[Data entries]

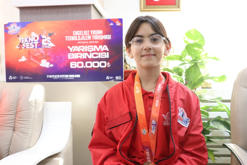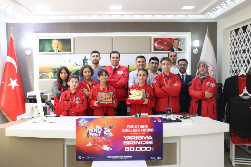 Proje, ‘Engelsiz Yaşam Teknolojileri’ kategorisinde, ortaokul seviyesinde Türkiye 1’incisi oldu, ekip ayrıca ‘En iyi sunum’ ödülünü kazandı. Öğrenciler, elde ettikleri 60 bin liralık ödülün 20 bin lirasını Gazze’deki çocuklara bağışladı.
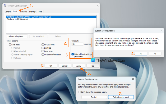 1] Modifier le délai d'expiration du menu de démarrage à l'aide des options de démarrage sous Windows 11/10
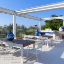 At Villa Hermes, the day revolves around the magnificent infinity pool, situated on the ground floor and surrounded by a sun deck with comfortable loungers. Two terraces, accessible from the villa, offer elegant seating areas with breathtaking views. One of the terraces features an outdoor kitchen with a retractable roof, perfect for enjoying al fresco meals. It includes a dining area, two stunning azure blue kitchen units with sinks, a hob, and a spectacular pizza oven. This is the ideal spot for casual meals or private chef experiences and pizza-making classes.
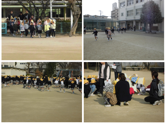 榎本幼稚園の園児の皆さんも一緒に訓練を行いました。
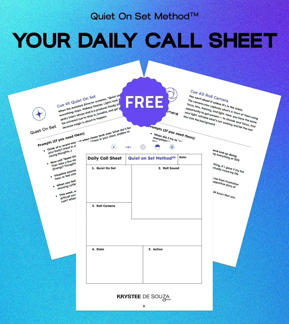 “The Quiet On Set Method has truly changed my life. It’s become a grounding daily ritual that brings me back to myself—even while juggling a three-year-old, family stuff, and my career. Those 10 minutes give me space to breathe, reflect, and realign instead of comparing myself to who I used to be. And somehow, when I started protecting that time, the universe started reorganizing around it. I got three callbacks! I feel lighter, more connected and more like myself. Now the cues are so ingrained I use them to reset and stay grounded in real time.
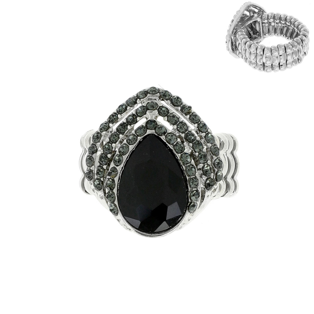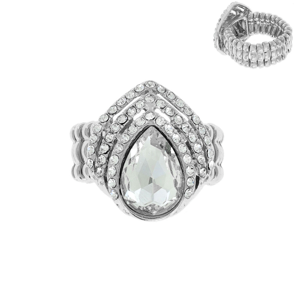 TEARDROP CRYSTAL GEM TIPPLE HALO STRETCH RING -GLAM EVENING COCKTAIL STATEMENT JEWELRY
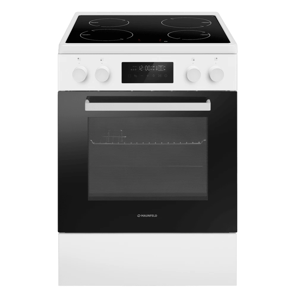 Каждая конфорка электрической плиты Maunfeld MIC611W01TD имеет индикацию остаточного тепла. Это собственное получение ожогов рук во время очистки поверхностей. На панели управления расположены комбинированные элементы и дисплей, который отображает время. Внутренняя панель духового шкафа покрыта эмалью для легкой очистки, что позволяет удалить остатки пищи и брызги жира. Поверхность варочной панели изготовлена из стеклокерамики высокой прочности. Материал устойчив к изнашиванию и ударам, что продлевает срок эксплуатации плит.
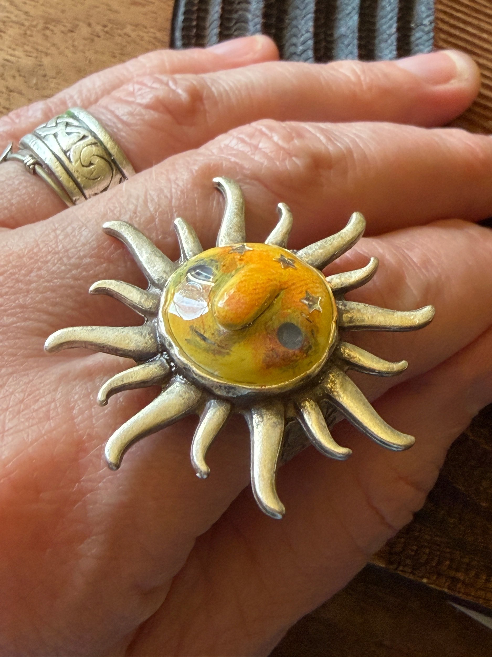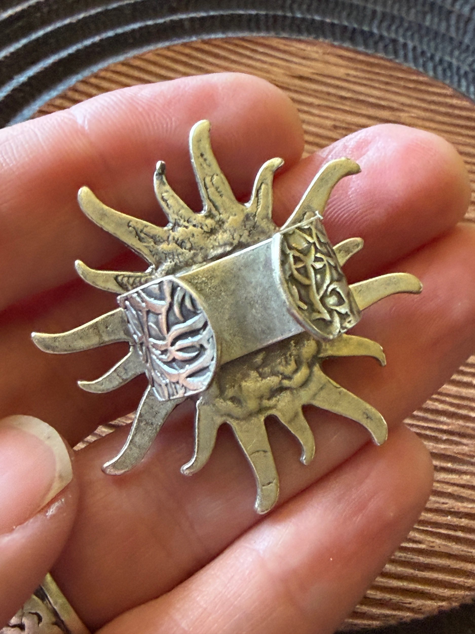 Another Sun Burst Face Ring but Silver Colored

Aim of the task> Leaving out the pictures, please output the lines in the entries above from the one with "1] Modifier le" through the one with "榎本幼稚園の園児の皆さんも一緒に訓練を行いました。", exactly as they are.

Result below>
 1] Modifier le délai d'expiration du menu de démarrage à l'aide des options de démarrage sous Windows 11/10
 At Villa Hermes, the day revolves around the magnificent infinity pool, situated on the ground floor and surrounded by a sun deck with comfortable loungers. Two terraces, accessible from the villa, offer elegant seating areas with breathtaking views. One of the terraces features an outdoor kitchen with a retractable roof, perfect for enjoying al fresco meals. It includes a dining area, two stunning azure blue kitchen units with sinks, a hob, and a spectacular pizza oven. This is the ideal spot for casual meals or private chef experiences and pizza-making classes.
 榎本幼稚園の園児の皆さんも一緒に訓練を行いました。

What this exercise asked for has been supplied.